Thanks to more than a hundred years of working with Drosophila melanogaster, geneticists have many powerful tools for precisely manipulating its genes. It has also become a model system for studying speciation and molecular evolution together with the other members of the melanogaster species group: D. simulans, D. mauritiana, D. yakuba, and D. santomea. However, evolutionary genetic studies have been hampered by an inability to make transgenic lines within the less well-studied species. In the April issue of G3, Stern et al. present a panel of new transgenic strains of these species designed to make fine mapping and functional genetic studies possible. These resources provide new opportunities for unraveling the genetic mechanisms of speciation and evolution.

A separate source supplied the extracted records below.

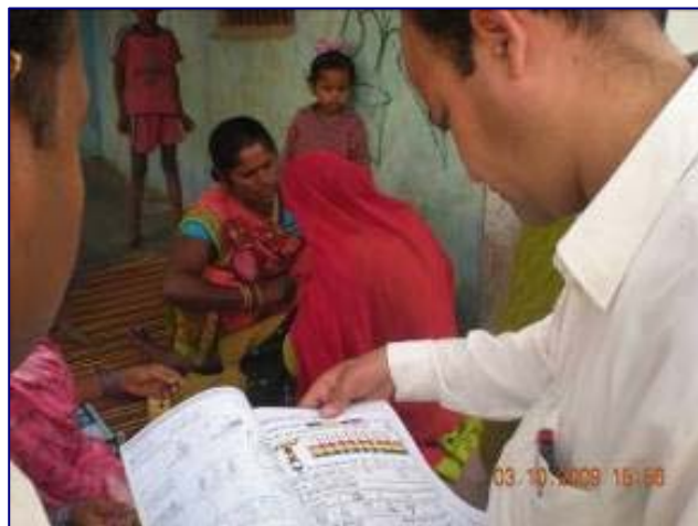
A District Public Health Officer reviews a FCHV register and provides supportive supervision.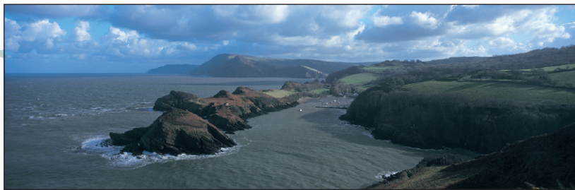
Watermouth, Hangman and Beyond.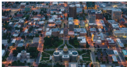
AUCTIONED 7 Commercial Properties | +$17,000,000 value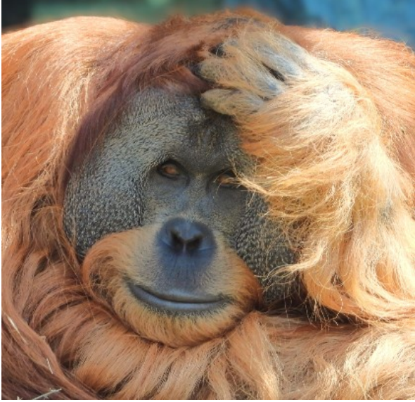
Orangutan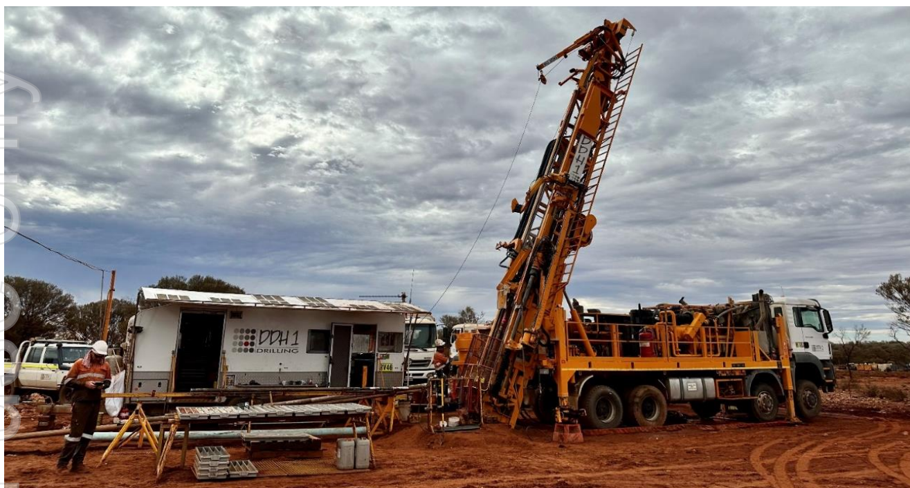
Figure 3: Convertible diamond/RC rig in the final stages of setup to commence drilling at Earraheedy.

With the drill rig on site and having successfully completed the diamond holes, the Company took the opportunity to add an RC hole to the program to follow up on the 2021 intersection of 3m of 1.57% Cu from 86m, which ended in mineralisation.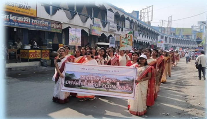
Department celebrating 175 Anniversary of our college

The department of Economics at Krishnagar Government College was established in the year 1941. It, therefore, carries with it a glorious heritage of almost eighty years. Presently, the department offers both honours and general courses in Economics under the Choice Based Credit System (CBCS). The department functions as a well-knit community of accomplished and highly committed teaching faculty and a very vibrant group of student body.

Transposable elements are selfish genetic elements that insert themselves into new genome locations. This natural machinery has been adapted by scientists to introduce carefully designed DNA constructs into genomes. Stern and colleagues used the piggyBac transposon system to insert a fluorescent reporter gene into hundreds of random locations in the genomes of five different Drosophila species. They mapped the location of each insertion and identified the unique insertions that could be maintained in homozygotes, resulting in 184 D. simulans lines, 122 D. mauritiana lines, 104 D. yakuba lines, and 64 D. santomea lines. Each line has an insertion in a unique genomic location coupled to a fluorescent reporter gene whose expression can be easily detected in the eyes with a microscope. The huge collection of unique locations will make fine mapping in these species much easier.

Coupled to many of the insertions is a landing site that can be used to add new insertions via plasmids carrying a suitable targeting sequence. The authors tested the integration efficiency at landing sites in unique genomic locations and identified those with high efficiency that could be maintained as homozygotes. They also tested the effects of insertion location on expression by transforming a fluorescent reporter gene linked to an enhancer of even-skipped, a developmental gene in D. melanogaster with well characterized expression patterns. In four of the five species tested, at least one strain showed the expected patterns of expression, suggesting that any gene of interest transformed into these sites will not be subject to ectopic expression from location effects. Additionally, they used CRISPR/Cas9 gene editing to knock out expression of the fluorescent eye reporter in a number of strains. Since strains still have the landing site in known locations, they can be used to examine expression of genes of interest in the eye without interference from the reporter.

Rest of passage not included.